Wenn du mich im jetzigen Moment fragen würdest, was ich damit zum Ausdruck bringen will, würde ich antworten, dass ich hiermit meinen eigenen Arschtritt-Antrag, endlich mal etwas zu bewegen, ausgefüllt habe, jedoch, um ehrlich zu sein, nicht mit Gewissheit sagen kann, ob das genauso funktioniert, wie es hier geschrieben steht. Ob es hier überhaupt geschrieben steht?
Reicht es nicht, zu wissen, dass etwas in einem steckt? Das Leben ist lang genug und doch ist es von einer anderen Perspektive aus betrachtet furchtbar kurz, kurz im Sinne von: Warum warten, wenn man es heute oder morgen schaffen kann. Sozusagen eine Modifikation des ohnehin schon bekannten Sprichwortes, von wegen: Was du heute kannst besorgen, das...
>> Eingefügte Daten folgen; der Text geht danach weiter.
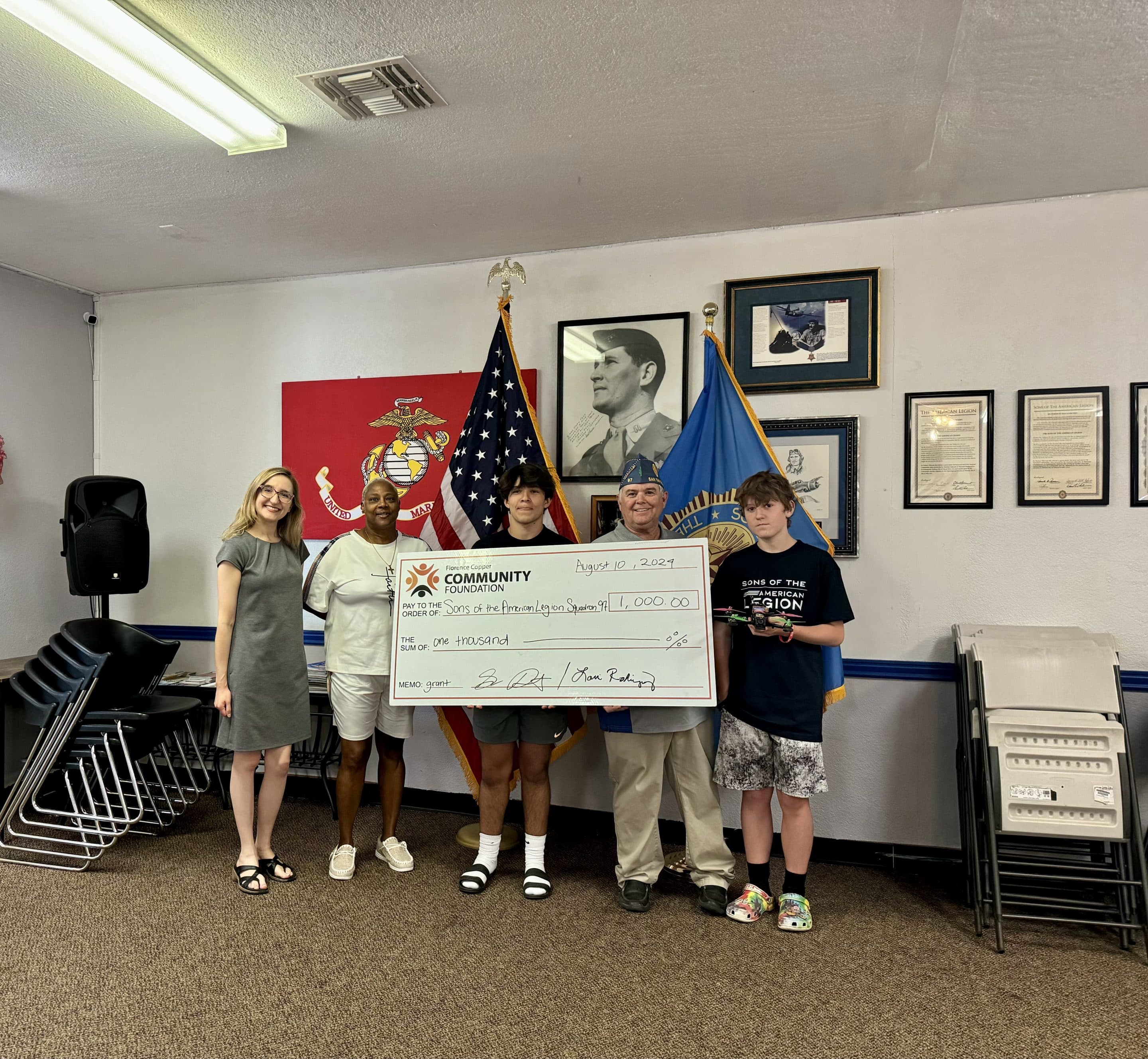 The Florence Copper Community Foundation is pleased to announce a $1,000 grant awarded to The Sons of The American Legion, Squadron 97. This grant will support the squadron’s newly developed youth drone program.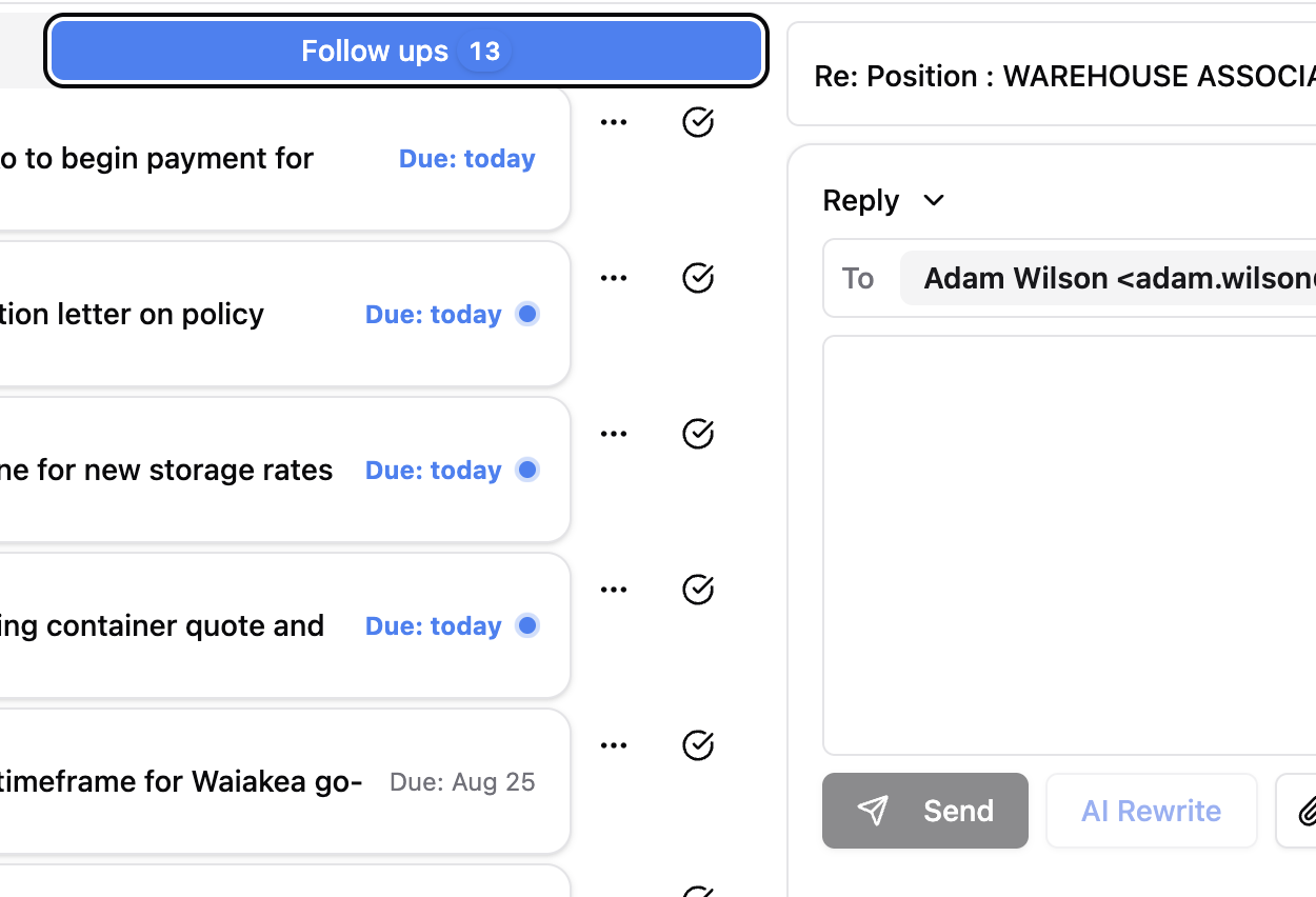 Forget bouncing back and forth between your inbox and a task manager. From within your Productivity Hub, you can reply to any email thread directly from the task or follow-up where it appears. This keeps you in flow and dramatically cuts the time wasted on context-switching.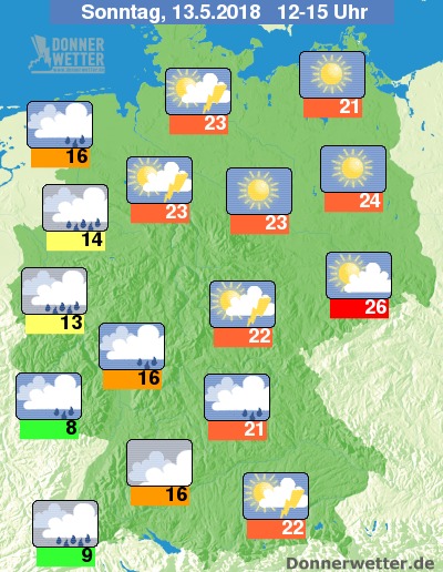 Heute Nachmittag bilden sich in einem breiten Streifen von Bayern bis hoch zur Nordsee gebietsweise Schauer sowie örtlich auch Gewitter. Südwestlich davon fällt unter dichten Wolken zeitweise Regen. Nordöstlich des Streifens scheint hingegen die Sonne von einem oft stahlblauen Himmel, hier bleibt es trocken. Die Temperatur liegt bei teils nur sehr kühlen 8 Grad am Pfälzer Wald und bis 26 Grad in Dresden.

Und nun, ein Vers zum Schluss:
I’m a real keener, mum.
Finally I deked out, but didn’t you see me?
Oh, you couldn’t?
So I guess it’s like getting none.

(Just a hint: There’s no point in that.)

 

Wo er soll ich das wissen?

Hors d'œuvre, oder without a clear line, wie man es diesseits nennt und wieder einmal redest du dir deinen Arsch wund. Und blutig. Was gibt es gegen Flinte im Arsch auszusetzen? Warum sollte man stattdessen Putenbrust wählen und warum fühlt sich heute meine Hüfte so Gott weiß warum verflucht schwer an?

OpusDeiTootoughtodieHorsdœuvreWithoutaclearlineArtefakt

Gewissermaßen bin ich mir gänzlich darüber bewusst, nichts zu wissen. Falsch! „Bewusst“ drückt etwas Messbares aus, etwas, woraus man schöpfen, formen, plakatieren könnte, wenn man nur wollte. Doch will man das auch? Kann man gleichermaßen, wenn der Willen dazu vorhanden ist? Genügt das Bewusstsein, um zu vollbringen, ohne über den Jordan zu springen. Springen zu müssen? Ja. Warum in aller Freveltat schmückst du deine Gebärden mit heiteren Fragmenten? Du hast keine Ahnung, wovon du eigentlich sprichst, merkst nur, dass es annähernd suited, so wie ein extra für dich maßgeschneiderter Anzug. Dann bist du auf der richtigen Spur, ohne jemals ein fettes Wörterbuch gewälzt zu haben, ohne irgendwann Bernhards maßgebliche ultramorbide Kommatasetzung studiert und vollends einverleibt zu haben. Das bringt dir doch die richtige Monetenmenge auf den einstig mit Spaghetti gefüllten Suppenteller. Das suited mehr, nicht? Das passt besser als „nur“ Spaghetti auf irgendeinem Teller. Hauptsache Teller, nicht? Nein, Hauptsache Wortfüller, Lückenfüller, Traktate, Massochisten, Schwermetaller, Baubudenrülpser, Jacksons. Aber: Ji vidlickou a nozem. Oder nicht? Tja, das Sprichwort besagt, dass man vermutlich immer mit Gabel und Messer speisen sollte und nicht ohne, und wenn doch, braucht man zumindest eine zuhjhjh. Genau.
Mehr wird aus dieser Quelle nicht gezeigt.